Windows XP Pro 32 bit w/SP3
AMD Phenom II X4 955 Black Edition 125W OC'd to 3.8Ghz (C2 stepping)
ASUS M4N82 Deluxe nVidia 980a SLI ATX Motherboard
ASUS AMI 0802 BIOS
Realtek ALC888/1200 nVidia MCP72 HD Audio
EVGA 015-P3-1580-AR GeForce GTX 580 (Fermi) 1536MB 384-bit
Corsair Dominator CM2X2048-8500C5D Dual Channel [5-5-5-15-22-2T-2.1v]
SATA WD 300GB Velociraptor
WD 1TB Caviar Black
LG GH22LS30 CD/DVD Burner
PC Power & Cooling Silencer 750W Quad EPS12V
ViewSonic G90FB Black 19" CRT Monitor
Generic Harman Kardon (3)
Logitech Optical M-BT96a
Coolermaster ATCS 840 Full Tower Case
3x230mm, 1x120mm, Optional: 3x Scythe S-Flex SFF21G 120mm
ZALMAN CNPS 10X Extreme CPU Cooler
SteelSeries 6GV2 Keyboard


This is getting ridiculous...no offense....same version GPU-Z, EVGA Precision, AIDA64 Extreme...Updated AIDA64, rolled back EVGA Precision...and this...








EVGA Precision: 2.1.0.0
AIDA64 Extreme: 2.20.1900
Vid card driver: 296.10 








....btw...PhysX IS working...I can make it show in benches like FluidMark, I've tried the new fillrate version, I've tried about 4-5 older versions  etc.


----------



## Athlon2K15 (May 13, 2012)

why are you using windows xp?


----------



## AlienIsGOD (May 13, 2012)

AthlonX2 said:


> why are you using windows xp?



agreed, a 580 on XP


----------



## ghot (May 13, 2012)

Because I like it better than Windows 7, and Windows 8 is a joke   :/

...and it used to show PhysX, in GPU-Z, now it doesn't


----------



## entropy13 (May 13, 2012)

ghot said:


> Because I like it better than Windows 7,



 

You shouldn't have bought a GTX 580 then, you're just wasting that card. *Wasting* it. You should just get a GTX 285.




ghot said:


> ...and it used to show PhysX, in GPU-Z, now it doesn't



Have you just updated your drivers?


----------



## ghot (May 13, 2012)

WOW, 3 replies and no help whatsoever....you all from 4chann or something  :/


----------



## Mussels (May 13, 2012)

seriously, you're murdering that card on XP. most of its features wont work, and you'll be lucky to have access to 1GB of its ram.
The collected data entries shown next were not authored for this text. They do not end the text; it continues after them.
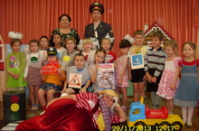 В группе № 2 прошло тематическое развлечение по ПДД. В гости к детям пожаловали Инспектор ГИБДД и Карлсон.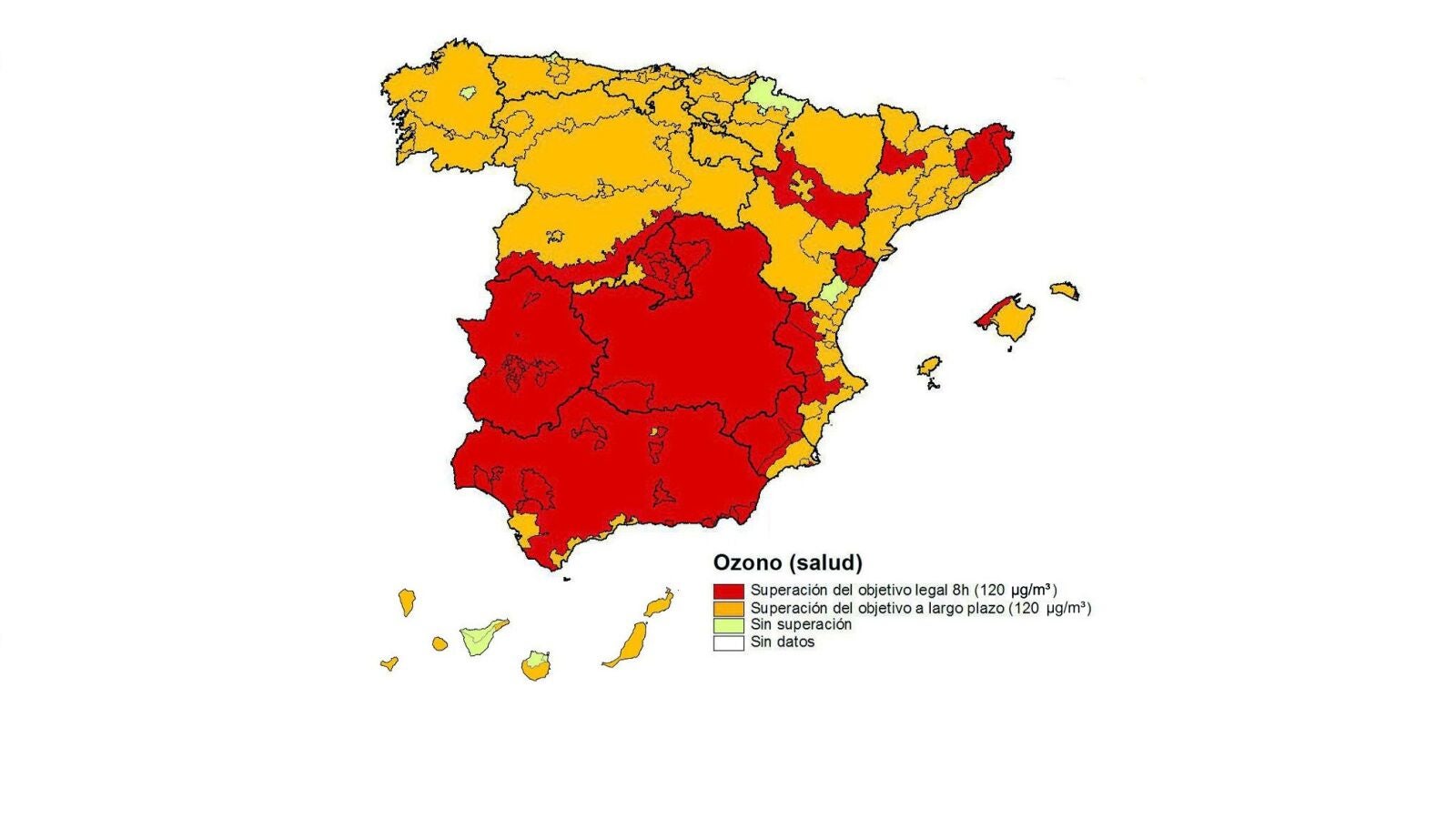 Las zonas donde se incumplen los límites están repartidas entre las comunidades autónomas de Andalucía, Aragón, Baleares, Castilla-La Mancha, Castilla y León, Cataluña, País Valenciano, Extremadura, Madrid, Murcia y Navarra, con casi 19 millones de habitantes, dos de cada cinco personas que viven en el Estado.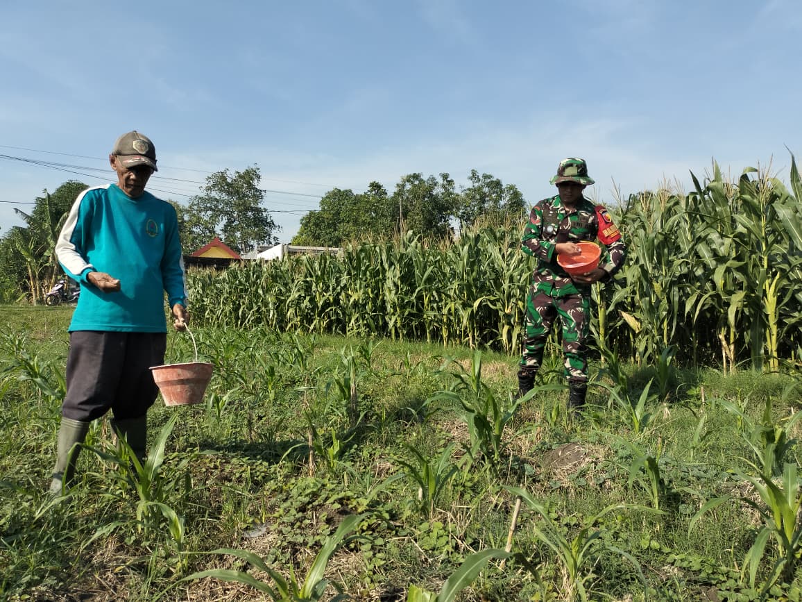 PAMEKASAN PW – Babinsa Desa Terrak Koramil 0826-02 Tlanakan, Kopda Frido Prayoga melaksanakan kegiatan pendampingan kepada petani dengan membantu proses pemupukan tanaman jagung milik Sumanto di Dusun Maronggi, Desa Terrak, Kecamatan Tlanakan, Kabupaten Pamekasan, Senin (6/10).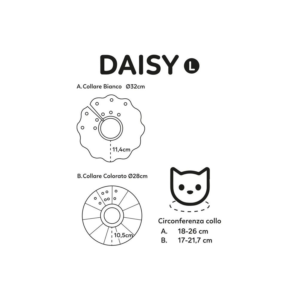 Daisy è stato progettato per risolvere i limiti dei classici collari rigidi, spesso ingombranti e fastidiosi. Grazie alla sua forma ergonomica e all imbottitura soffice, rappresenta una soluzione delicata ma efficace per proteggere le ferite post-operatorie o le zone irritate.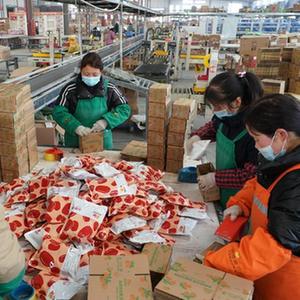 2月6日,在位于武功縣的京東物流陜西智能供應鏈中心,工作人員在包裝獼猴桃。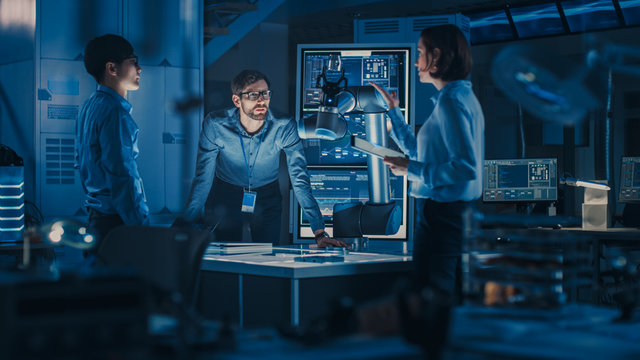 Diverse Team of Engineers with Laptop and a Tablet Analyse and Discuss How a Futuristic Robotic Arm Works and Moves a Metal Object. They are in a High Tech Research Laboratory with Modern Equipment.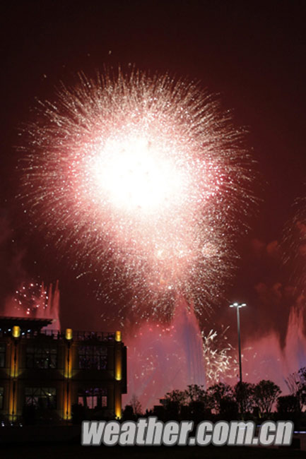 2010年4月27日,上海世博會開幕式彩排順利進行。圖為酷似英國館的煙花。卞赟 攝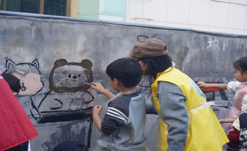 在创作和绘制过程中,志愿者们充分发挥各自专长,有序开展各项工作。具备书画基础的志愿者负责整体构图,擅长协调组织的志愿者负责物料调配和进度管理,其他志愿者则协助小朋友们完成线稿勾勒和画面颜色填充等任务。从清晨至傍晚,志愿者们轮流参与,通力合作,以专业和耐心将原本朴素的墙面转变为传递公益理念、展现社区文化的艺术载体。

if CUDA is showing as working, then PhysX is as well. there must be a glitch in GPU-Z, possibly not recognising the drivers you're on properly.


----------



## ghot (May 13, 2012)

got PhysX working...just DL'd the standalone installer...uninstalled the old...ran CCleaner
...the ONLY thing XP doesn't support is DX11 and Direct Compute









seems nothing wrong with GPU-Z, I'm glad to report...great work guys.

As for the rest of you...only post when you know the answer...thx   :/


----------